We use the Circom programming language and the Groth16 proving system to generate our zkSNARKs. While a newer proof system (like PLONK arithmetization + KZG or FRI) would improve proving time, we believe Circom is the most production-ready zkSNARK stack today. In particular, Tornado Cash’s circuits are built on top of Circom and have been used for several years. Additionally, the on-chain verification cost of a Groth16 zkSNARK is the cheapest of all proving systems available today. All zero-knowledge proofs used in Telepathy are built with the aim of making it more gas-efficient to run an Ethereum Light Client on-chain. To properly understand the structure of the circuits, we recommend reading the sections on Sync Committees and Proof of Consensus. For more details, please refer to the source code itself.

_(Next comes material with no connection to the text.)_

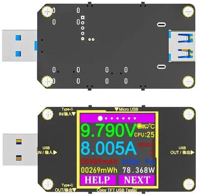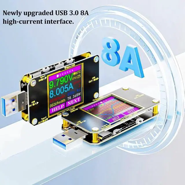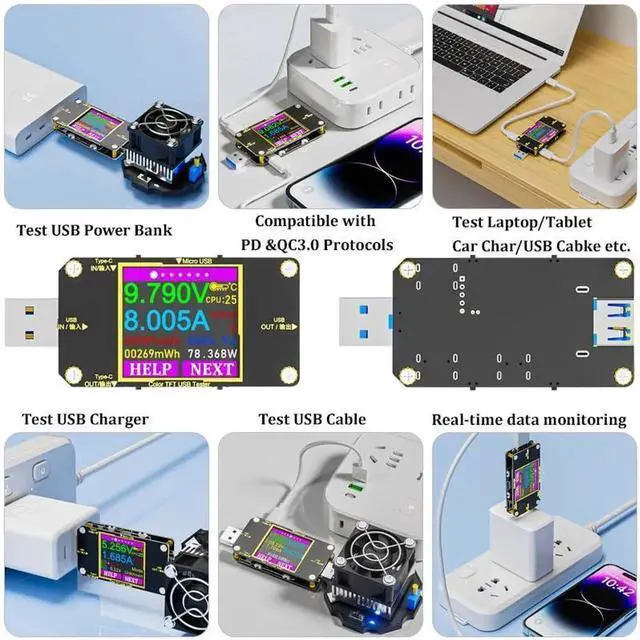 [MULTIFUNCTIONAL TOOL]: Support quick charger recognition; data wire resistance value testing; QC2.0/QC3.0, Voltage/Current/Power Detection; data store; cable impedance measurement. Allows you to check the charging performance of the output wall/car/solar panel chargers and USB charging cables. It can be also used to find the highest current of the Wireless Charger, and test capacity and electric energy of power bank.

Step (Aggregate BLS12-381 Signature Verification)
To add a new block header to the Light Client, we must verify that at least two thirds of the sync committee has provided valid signatures for this block header. Thus, the bulk of the complexity inside this zkSNARK is actually involved in the verification of the specific signature scheme that Ethereum 2.0 validators use. In particular, Ethereum uses BLS12-381 signatures. Cryptographically speaking, verifying the sync committees signatures involves computing 512 elliptic curve adds over the BLS12-381 curve to get the sync committee aggregate public key, and a single elliptic curve pairing for the final BLS signature check. We also do a few other checks in the circuit, such as validating the Merkle proof for the Ethereum execution state root and checking the finality proof for the finalized block header.
Rotate (Sync Committee Commitment Mapping)
One key detail about the Light Client contract is that it must know what the current sync committee is. While you could naively store all 512 public keys of these validators, this is extremely gas-inefficient, so a solution is to instead store a cryptographic commitment to the sync committee. Thankfully, the Ethereum Light Client protocol already provides such a commitment. Thus, we can pass this as an input to the Step circuit and unpack the commitment to get the public keys of the sync committee. Unfortunately, the hash function used to create this commitment (Sha256) is extremely expensive to compute inside zkSNARKs and unpacking this commitment every time we want to add a new block header can be prohibitively expensive in terms of proving time. For this reason, every 27 hours when there is a new sync committee, we unpack this commitment once and then compute a new commitment to the sync committee using a SNARK-friendly hash function known as Poseidon (within a zkSNARK). We store this SNARK-friendly commitment on-chain instead so that the Step circuit can very cheaply unpack the commitment inside its circuit. In short, the Rotate circuit maps the sync committee commitment from a SNARK-unfriendly to a SNARK-friendly one.
Benchmarks
All benchmarks are performed on an r6a.8xlarge AWS instance which has 32 cores and 256GB of RAM.
Step | Rotate | |
---|---|---|
Constraints | 27M | 68M |
Witness Generation | 124 Seconds | 180 Seconds |
Proving Time | 118 Seconds | 60 Seconds |
Trusted Setup Ceremony
As mentioned above, our circuits are currently using the Groth16 proving system. This proving system normally requires a process called a "trusted setup" that generates a public set of encrypted values (common reference string, aka CRS) that the circuit verifier uses to check for proof validity.
For Groth16, the trusted setup requires two phases. The first phase (referred to as "Powers of Tau") can be used for all circuits using Groth16 (and other proving system), and the second phase needs to be run for each circuit. Both of these phases have a 1 of N trust assumption, where the CRS is still secure as long as at least one of the participants is honest. For more details, please refer to this document.
For the first phase for both circuits, we used Hermez's powers of tau CRS. Specifically, we used their 227 CRS, which is the minimum sized one for our rotate circuit. The set of contributor public attestations for that CRS can be seen here.
For the second phase, we ran our own trusted setup ceremony. The details of that ceremony can be seen in this document. We had a total of 31 contributions, and the public attestation for those contributions can be seen here.